# It's -8C outside!



## D (Jan 21, 2008)

and weather.com tells me it feels like -16C.

I've decided to bike to the studio this morning.  I'm wearing tights, knee high socks, two thermals, a sweater, snowboarding outerwear, and all the extremity-warming things you can think of.

I'm excited.


----------



## Dillinger4 (Jan 21, 2008)

I like it when it gets _really_ cold.


----------



## trashpony (Jan 21, 2008)

You loon

You didn't mention a hat. You are wearing a hat aren't you?


----------



## D (Jan 21, 2008)

trashpony said:
			
		

> You loon
> 
> You didn't mention a hat. You are wearing a hat aren't you?



I'm wearing a balaklava under my helmet.

I always want to say, "I'm wearing a baklava."

Yum.


----------



## D (Jan 21, 2008)

*and now, it's time to go.*

I can barely move under all these layers.



ACtually, it's not so bad except the top of the snowboarding trousers basically goes up to the bottom of my tits.



Happy Monday!


----------



## trashpony (Jan 21, 2008)

D said:
			
		

> I'm wearing a balaklava under my helmet.
> 
> I always want to say, "I'm wearing a baklava."
> 
> Yum.



Good  Bit sticky though.

Good luck!


----------



## editor (Jan 21, 2008)

Hang on, I've got a picture somewhere of D in her finest all weather cycling gear...


----------



## editor (Jan 21, 2008)

Run small children, run!


----------



## Yuwipi Woman (Jan 21, 2008)

If you're in NY you should probably brace yourselves.  It was -20.5 C here yesterday morning when I went to work.  You're weather seems to lag ours by a couple of days.   We had a heat wave this morning and it was -12 C.


----------



## Dillinger4 (Jan 21, 2008)

Is that a light attacthed to your helmet D?

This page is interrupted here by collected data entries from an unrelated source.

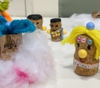今週のArtはLittle People❣️ コルクを使って可愛いお人形を作りましょう😊 毛糸を頭につけて髪の毛の様にしたり、 モールをドレスの様に巻き付けてみたり、子どもたちの発想はとっても豊かです✨ これは帽子をイメ …
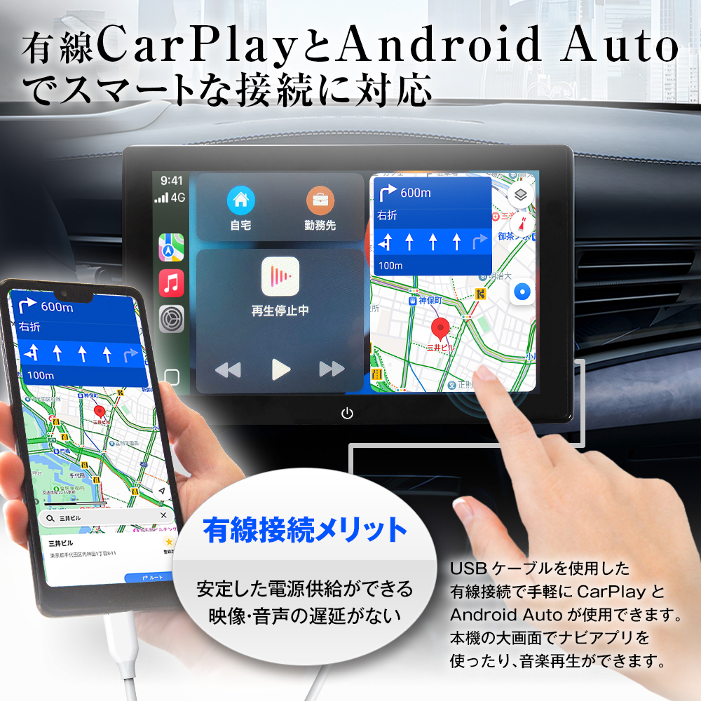 USBケーブルを使用した有線接続で手軽にCarPlayとAndroid Autoが使用できます。本機の大画面でナビアプリを使ったり、音楽再生ができます。
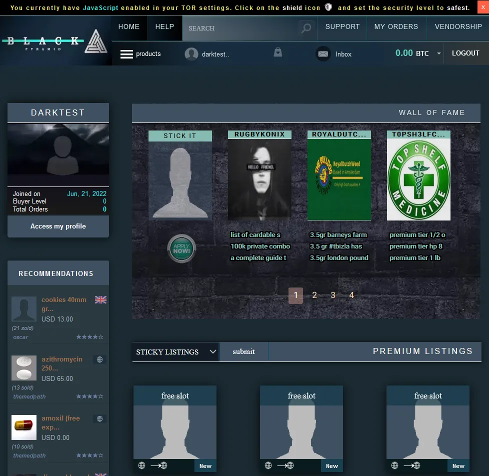 BlackPyramid is a great market site if you’re looking for a new all-purpose market. While the captcha can be irritating, the site navigation is simple and easy once you got passed that. BlackPyramid also offers vendorship if you are interested in selling on the platform. Vendor Bond and service fees apply but you have the option to pay these later from your vendor balance. As always, when visiting any darknet site or telegram group sure to only use trusted links, such as the onion link for BlackPyramid on the top.
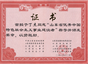 · 2007年12月,丁杰董事長(zhǎng)榮獲“山東省優(yōu)秀中國(guó)特色社會(huì)主義事業(yè)建設(shè)者”榮譽(yù)稱(chēng)號(hào)
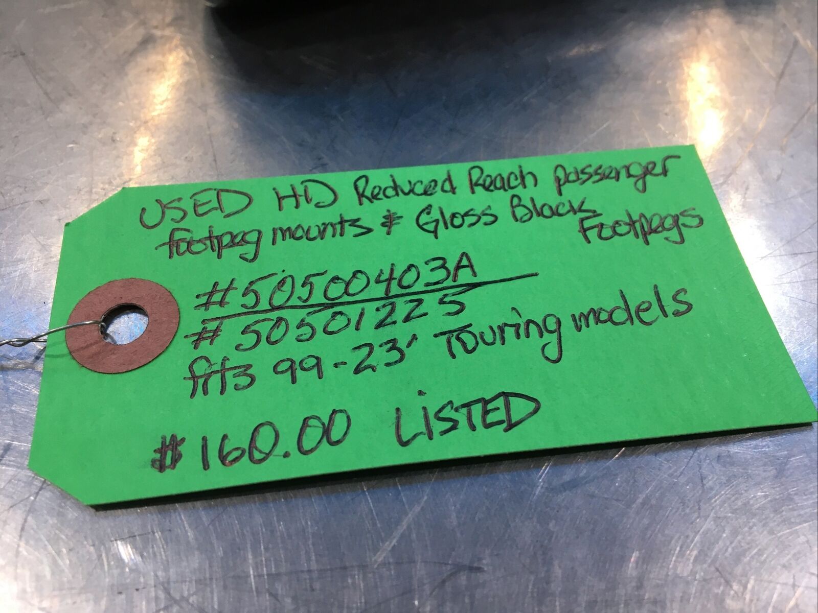 Harley Davidson Reduced Reach Passenger Footpeg mounts & Gloss Black Footpegs #50500403A/50501225. Condition is used. Fits 99-23’ Touring models buyer is responsible for fitment and applications
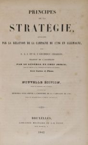 CHARLES D'AUTRICHE, Archiduc - Principes de la stratégie, développés par la relation de la campagne de 1796 en Allemagne. Traduit de l'allemand par le général en chef Jomini. Nouvelle édition revue et corrigée par l'auteur. Bruxelles, J.-B. Petit, 1842. Gr. in-8, 358 pp., 13 tabl. dépl., rouss., demi-basane prune de l'ép., dos lisse orné, dos passé et défr.
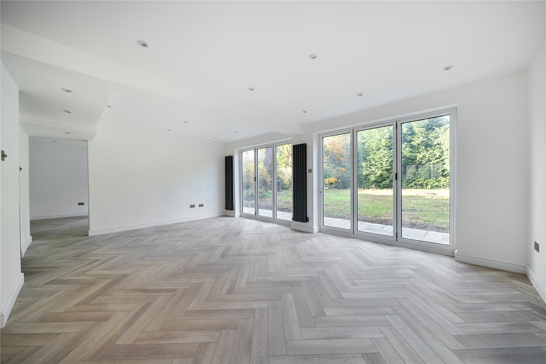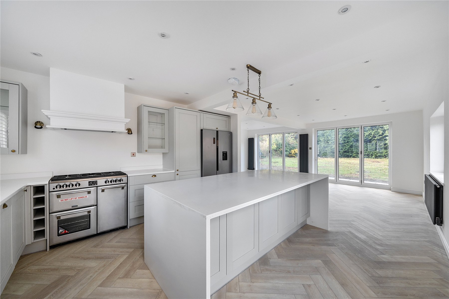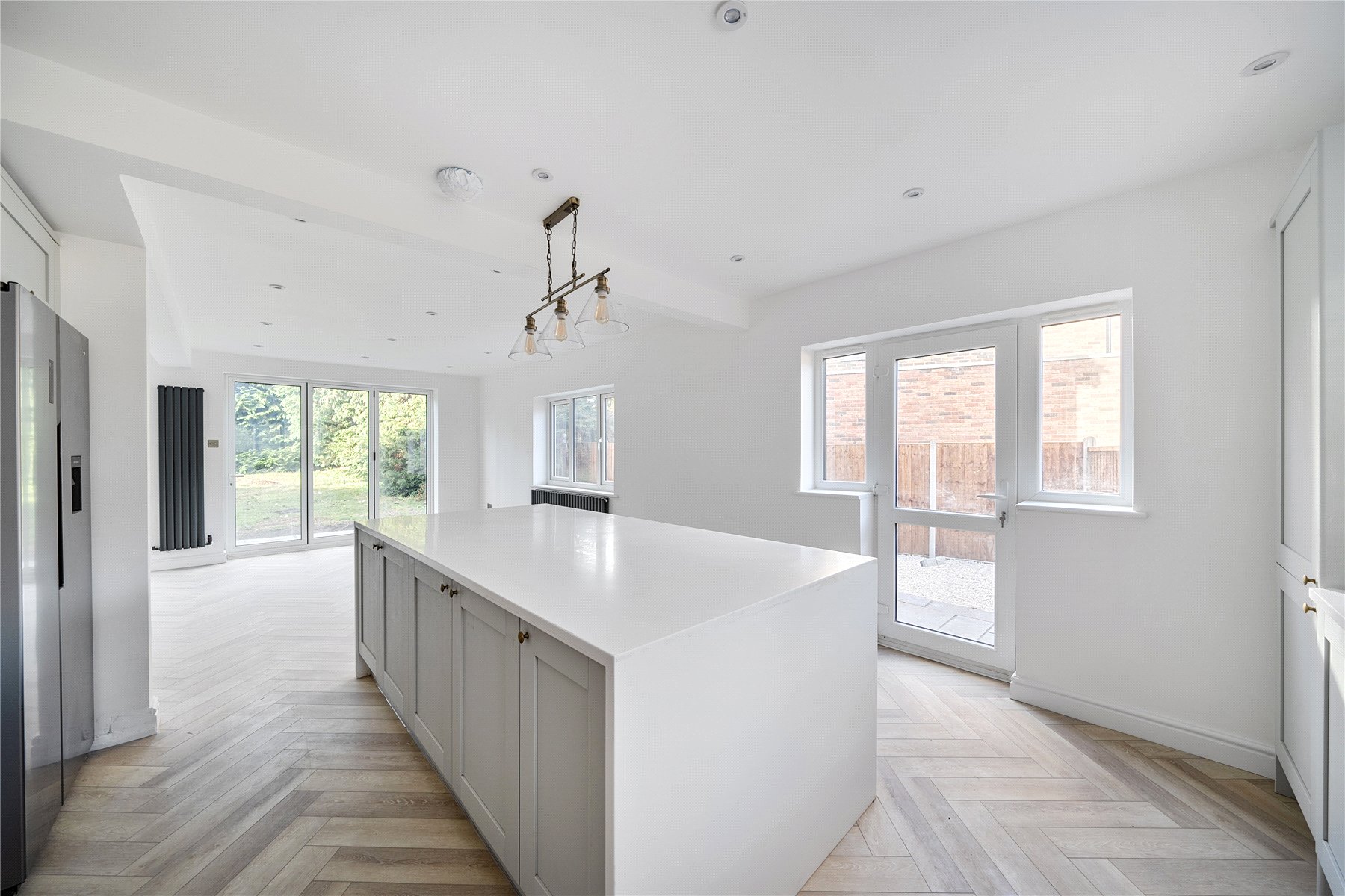 Set within a fantastic plot and located in a sought-after private estate, this attractive and newly refurbished 4 bedroom detached family home boasts numerous luxurious features and is offered with no onward chain. The property welcomes you with a spacious entrance hall and a magnificent living room with bi-folding doors opening onto the rear garden, which in turn connects to a comprehensively fitted kitchen/breakfast room complete with a central island. The ground floor also includes 2 further reception rooms, providing exceptional flexibility for modern family living. Upstairs, the master bedroom benefits from a dressing room and a stylish en-suite bathroom. The guest bedroom also enjoys its own en-suite shower room, while the remaining 2 bedrooms are served by a contemporary family bathroom. The property is generously proportioned throughout and finished to an impressively high specification that is sure to appeal to the most discerning buyer. Outside, the home features an impressive frontage offering extensive parking for multiple vehicles, leading to an attached garage. The westerly facing rear garden is well maintained, secluded, and enhanced by an extensive wraparound paved patio—perfect for outdoor entertaining.
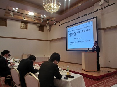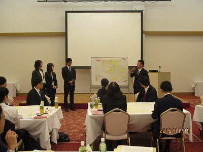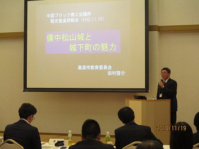 中国ブロック商工会議所観光推進研修会(日本商工会議所・中国地方商工会議所連合会主催)を、11月19日(月)、20日(火)の2日間、高梁国際ホテル等で開催いたしました。初日19日(月)午後1時30分から開催した研修会には、中国地方5県の商工会議所等から約25人が出席、地元高梁商工会議所遠藤専務理事の挨拶の後、日本商工会議所観光専門委員会須田寛学識委員より「観光立国の課題」をテーマに講演をいただき、日本商工会議所地域振興部竹ノ内典子主席調査役より「観光振興における商工会議所の役割」について説明をいただきました。続いて中国運輸局観光部木島淳部長より中国地方の観光振興を目指して」をテーマに講演をいただいた後、地元高梁市教育委員会田村啓介参与(元岡山県立博物館長)より「備中松山城と城下町の魅力」をテーマに講演をいただきました。その後、日本商工会議所竹ノ内主任調査役の進行で4班に分かれ「インバウンドを呼び込む広域観光商品を創る」をテーマにワークショップを行い、各班ごとに発表が行われ中国運輸局木島観光部長から講評をいただきました。また、午後6時15分から懇親会を開催し、参加者同士交流を深めていました。(20日(火)の視察は次回アップします)
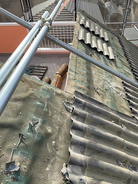 瓦を撤去する際には、破片が飛び散らないよう細心の注意を払う必要があり、また周囲に粉じんが舞わないよう養生をしっかりと施して作業を進めています。
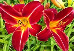 Лилейник Chewonki (Чевонки). Тетраплоид. Высота до 70 см. Цветки диаметром 14 см, ароматные, блестящие, алые с эффектной контрастной полосой и жёлтым горлом.
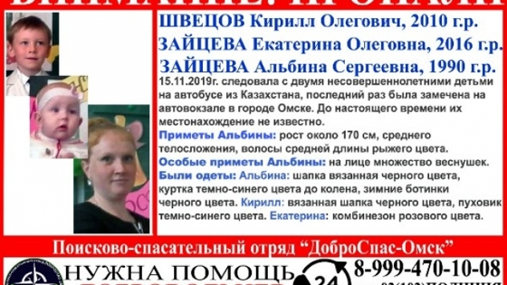 Омский поисково-спасательный отряд Доброспас опубликовал информацию о розыске целой семьи. Альбина Зайцева 1990 года рождения, ехала на автобусе из Казахстана вместе с 9-летнем Кириллом Швецовым и 3-летей Екатериной Зайцевой из Казахстана. В последний раз семью видели на омском автовокзале. Где они находятся сейчас - неизвестно.
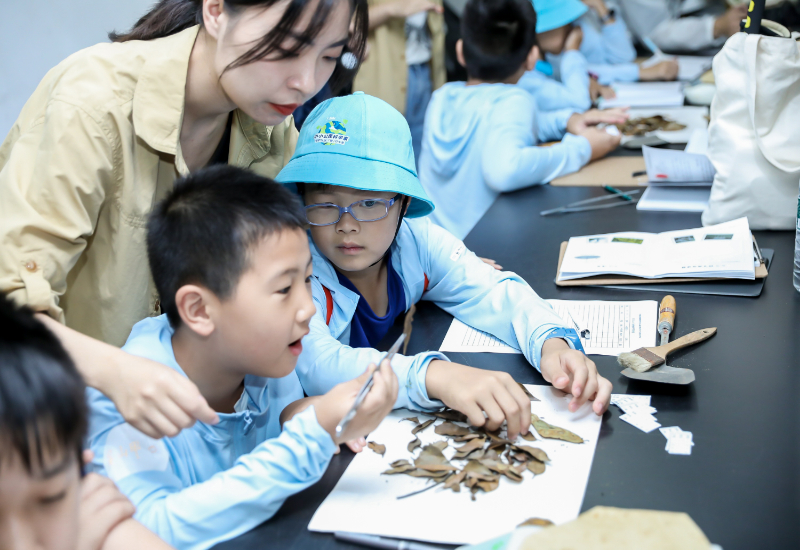 學生正在用心探究樹葉品種(錢江源國家公園管理局供圖)
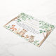 Invitación de Baby Shower con una acuarela pintada con animales de bosque en un bosque. El título del evento, "baby ducha", está en una tipografía de escritura caprichosa junto con tu nombre impreso en Relieve metalizado oro real. Esta invitación rústica a la ducha de bebé es neutra desde el punto de vista del género, así que es genial si estás teniendo un niño o un chica.
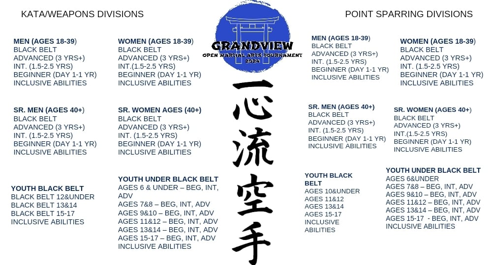 All skill levels are welcome, from beginner to blackbelt ranks, of all martial arts styles, with options for inclusive abilities divisions.
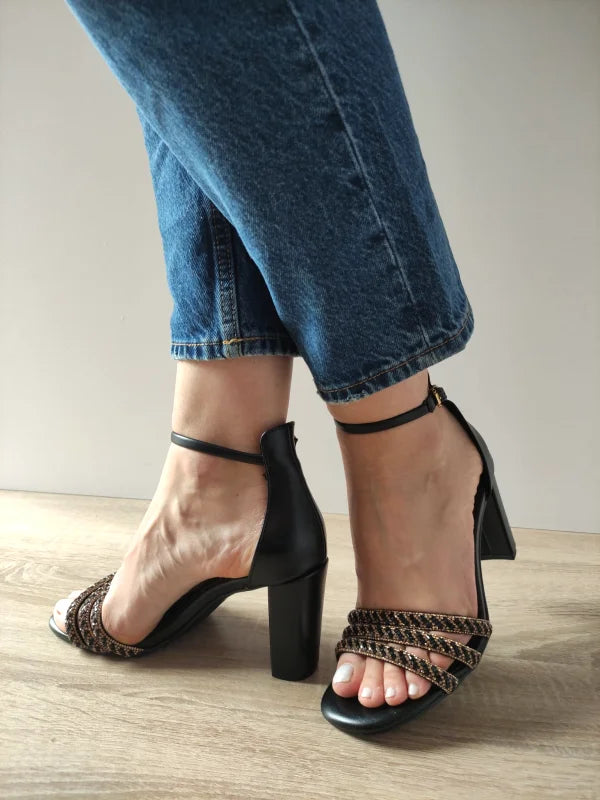 Strălucește discret, dar sigur, cu aceste sandale elegante negre de la Marco Tozzi! Designul cu barete subțiri ornate cu pietre fine și finisajul negru rafinat le transformă într-o piesă de rezistență pentru ținutele tale de seară. Tocul gros de 8.5 cm oferă stabilitate, iar închiderea cu cataramă la gleznă asigură o fixare sigură și elegantă.

And I hope you have not been using that helmet for nefarious purposes!


----------



## D (Jan 21, 2008)

Dillinger4 said:
			
		

> Is that a light attacthed to your helmet D?
> 
> And I hope you have not been using that helmet for nefarious purposes!



Of course I've used it for nefarious purposes.  It's a red light, don't you know...

 

***

As it happens, people can't stop themselves from photographing me when I'm kitted up for winter cycling.  My friend took endless photos of me in my snow gear and stylish headwear this morning.


----------



## D (Jan 21, 2008)

Oh, and it flashes too.


----------



## 1927 (Jan 21, 2008)

Weather in NY can be so confusing. Last year we were walking round LES on saturday in t- shirts and sunglasses and mrs 27 got burnt by the sun, next day and for the rest of the week we were in jumpers and snowboarding jackets, with earmuffs and gloves and it was  minus 15C. Wtf


----------



## D (Jan 21, 2008)

Get ready, dude.  Maybe we'll have something like spring when you arrive.

Or maybe it'll just be pissing incessant rain.

Or both.

With a day of freezing weather thrown in for good measure.


----------



## 1927 (Jan 21, 2008)

D said:
			
		

> Get ready, dude.  Maybe we'll have something like spring when you arrive.
> 
> Or maybe it'll just be pissing incessant rain.
> 
> ...



I have had atleast one day of snow everytime I have been to NY, best ever was walking thur Central Park looking at the Gates at 600am in untouched virgin snow  . Am coming later this year so may be breaking the habit.


----------



## LM17 (Jan 27, 2008)

Ah! Me and my sis are arriving in NY for a holiday on Feb 5th. Hope things are a bit warmer by then!


----------



## Concrete Meadow (Feb 3, 2008)

The weatherman predicted daytime temp in the low 50's (degrees F) on tuesday with light rain -- you are arriving just in time to watch if Obama  will take Manhattan!


----------



## D (Feb 11, 2008)

*Here we go again!*

It's 11F, -12C.

Windchill, blah blah makes it feel like -23C.

What. the. fuck.

It was 67F earlier last week.


----------



## Dillinger4 (Feb 11, 2008)

heh. 

Today I am wearing jeans, tshirt and sunglasses.


^ me


----------